How content marketing “renews the contract” between advertisers and consumers

It’s no secret that over the past few decades, advertisers and consumers have had a strained relationship.

As a recent episode of the excellent Age of Persuasion describes, the unwritten contract between advertisers and consumers has long been this: advertisers support valuable content with sales messages, and in exchange consumers let those messages—commercials—into their eyes, ears, hearts and minds.

This contract was largely created by Albert Lasker, who some consider the father of advertising. Lasker creatively determined that advertising could support the creation of original programming. He’s credited with inventing soap operas.

Today, Lasker’s contract seems quaint. Advertisers and consumers are in a battle for attention. But "content marketing," a new approach that builds off established principles, promises to renew the contract while both improving consumers’ lives and advertisers’ sales.

Online, valuable content is your strongest collateral

By the end of the 20th century, Lasker’s contract had unravelled.

Advertisers pummeled consumers with ad formats that provided nothing in return, like posters over urinals and automated telemarketing calls. Meanwhile, consumers responded with tools like TiVo that let them consume original content while ignoring sales pitches. It was all-out memetic warfare: the more consumers ditched and filtered traditional media, the more advertisers looked to interrupt their everyday life in ways that were harder to screen.

In the midst of this war, a new battlefield emerged: the internet. Advertisers’ early reaction to the internet was massive interruption warfare.

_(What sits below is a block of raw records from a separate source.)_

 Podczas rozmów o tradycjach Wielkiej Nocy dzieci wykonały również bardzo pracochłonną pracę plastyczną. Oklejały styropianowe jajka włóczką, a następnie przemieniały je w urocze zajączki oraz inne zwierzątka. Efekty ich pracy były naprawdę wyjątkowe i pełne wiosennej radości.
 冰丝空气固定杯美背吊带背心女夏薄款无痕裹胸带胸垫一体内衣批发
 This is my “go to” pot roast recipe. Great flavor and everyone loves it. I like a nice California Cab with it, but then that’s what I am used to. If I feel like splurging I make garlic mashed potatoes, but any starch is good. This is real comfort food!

And so they filled websites with annoying banners and popup ads. This proved to be a bad idea, because the internet (a) was traditionally uncommercial and (b) put more control than ever into the hands of consumers. Hence popup- and banner-blocking software proliferated, and the battle shifted decidedly in favor of consumers.

Which brings us to today.

Most traditional advertisers still haven’t figured out the internet. And so they continue to throw huge budgets at "building their brand" online and experimenting with the latest fads, from viral marketing to social media.

Yet in the trenches, a few smart marketers have been making money online from day one.

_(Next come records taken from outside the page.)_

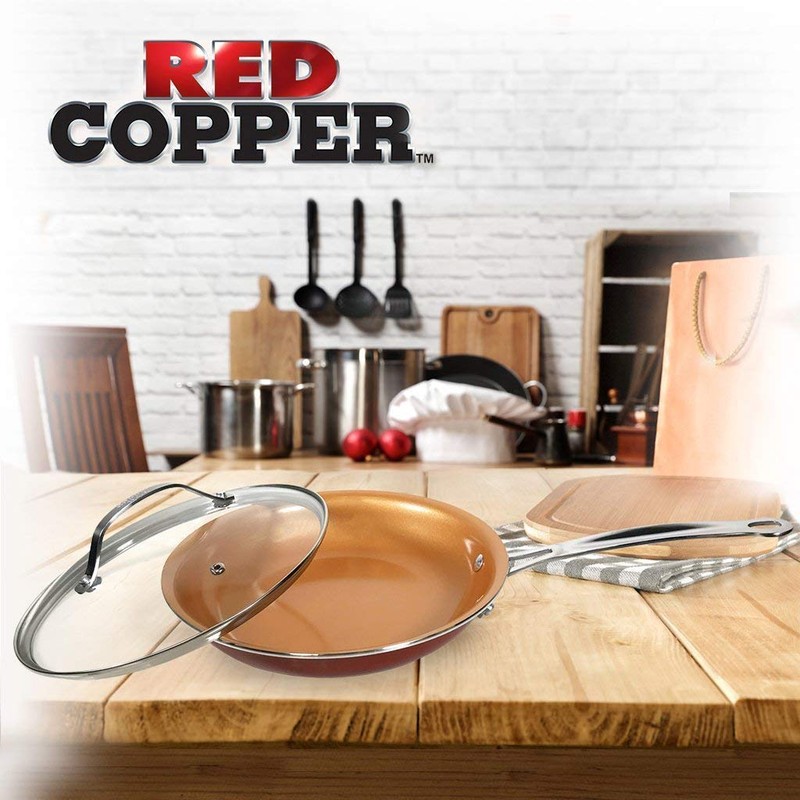 - Both pose as possible hazards. Get the perfect fitting lid for your Red Copper 12-inch pan. The tempered glass lid measures 12-inches round, fitting the 12-inch pan snuggly.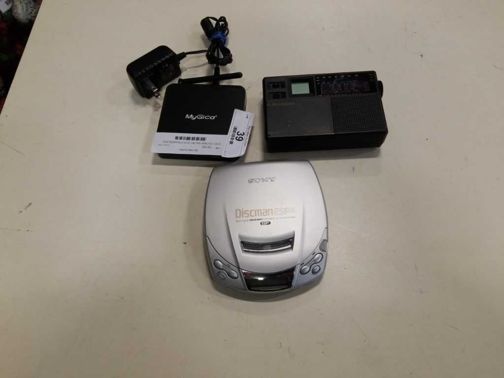 SONY DISCMAN AND MY GICA STREAMING BOX WITH GRUNDIG TRAVELLER II RADIO
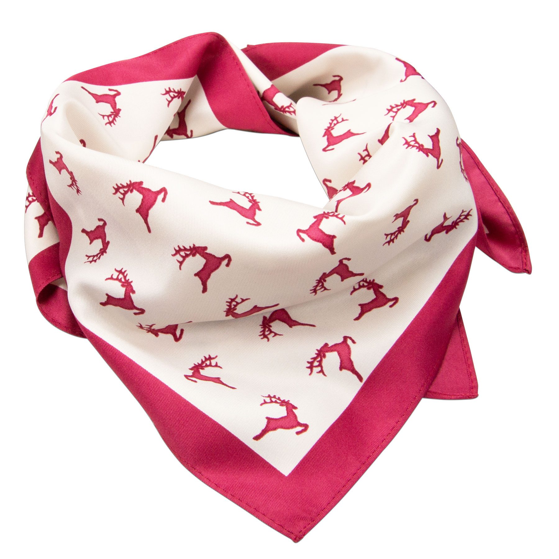 Trachten-Nickituch Springende Hirsche: Elegantes Nickituch mit springenden Hirschen als Design. Die Zweifarbigkeit in Rosa und Braun unterstreicht dabei die Schlichtheit des Trachtentuchs.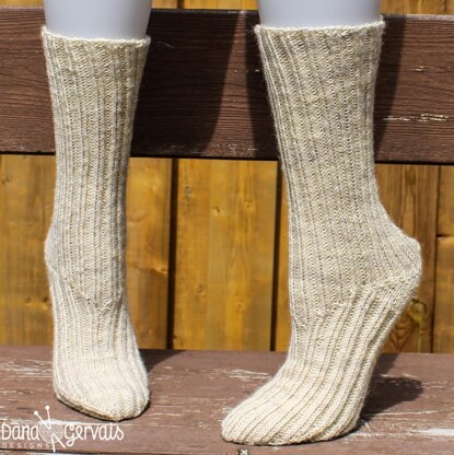 Instructions are provided for 5 circumfereneces and the foot length is customizable. Choose a circumference that is 10-20% smaller than the actual circumference of the wearer’s foot as measured at the widest part. Instructions are both written and charted, and are needle neutral so you can use your preferred method for working small circumference in the round.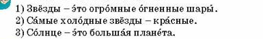 загадку и отгадывают ее. Возможный ответ: 1.Солнце. 2.Звезды. Учащиеся просматривают видео и пересказывают, что запомнили. Учащиеся слушают текст, отвечают на вопрос «Что нового узнали?» Придумывают заголовок. Учащиеся читают текст и рассказывают, что нового они узнали. Учащиеся находят верные утверждения и читают их. Учащиеся читают текст, отвечают на вопросы Выразительно читают текст. Отвечают на вопросы Объясняют значение новых слов и выражений. Учащиеся мальчики, девочки читают в энциклопедии информацию о Млечном Пути, о Солнце рассказывают одноклассникам |

Why? Because they realized a truth that’s only now percolating out: on the internet, your most important marketing collateral is valuable content.

Consumers don’t want to be sold, they want to be helped

The old contract stated that consumers would accept advertising that supported valuable content. But with consumers having more control than ever over what they consume, that contract’s no longer valid.

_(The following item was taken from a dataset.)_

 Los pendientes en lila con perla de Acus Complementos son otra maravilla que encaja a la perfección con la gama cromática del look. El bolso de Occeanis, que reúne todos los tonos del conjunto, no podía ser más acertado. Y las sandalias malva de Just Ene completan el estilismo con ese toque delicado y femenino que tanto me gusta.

The new contract states that if marketers provide consumers with valuable branded content that addresses a pain or provides pleasure, they’ll consume it and use their now finely honed media savvy to filter out the hype.

While this model has been around for awhile (known by such terms as "custom content," "custom publishing," "branded content" and "branded entertainment"), the key difference online is transparency

Whereas companies might have previously hidden behind a thin veneer of editorial credibility (with magazines like "Harry" for clothier Harry Rosen), today they must remove that veneer in order to get closer to customers with content like relationship-building blog posts.

In short, advertisers used to support publications and broadcast shows in order to benefit from their credibility and relationship with consumers. If consumers liked Johnny Carson, for example, perhaps they’d also like the orange juice advertised between segments of the show. Similarly with ads in magazines and newspapers: advertisers hope to gain credibility by association.

Not so much anymore.

Today, consumers can and want to go directly to the source. They like and trust journalists only slightly more than advertisers (and that’s debatable), see stars constantly undermined by scandal, and go straight to blogs for news and YouTube for entertainment.

Similarly, they want to go straight to a brand for help with a particular problem. But they don’t want to be sold. Rather, they want to be helped with informative content, and want to develop a long-term, trusting relationship with the people providing the products and services they consume.

To renew the contract, marketers must think like publishers and broadcasters, and strive to provide the value and credibility for which they used to turn to publications and shows. They need to deliver valuable content transparently, establish a one-to-one, permission-based relationship with consumers, and stop assaulting them with unwelcome interruptions.

This is the promise of content marketing. Advertisers ignore it at their peril.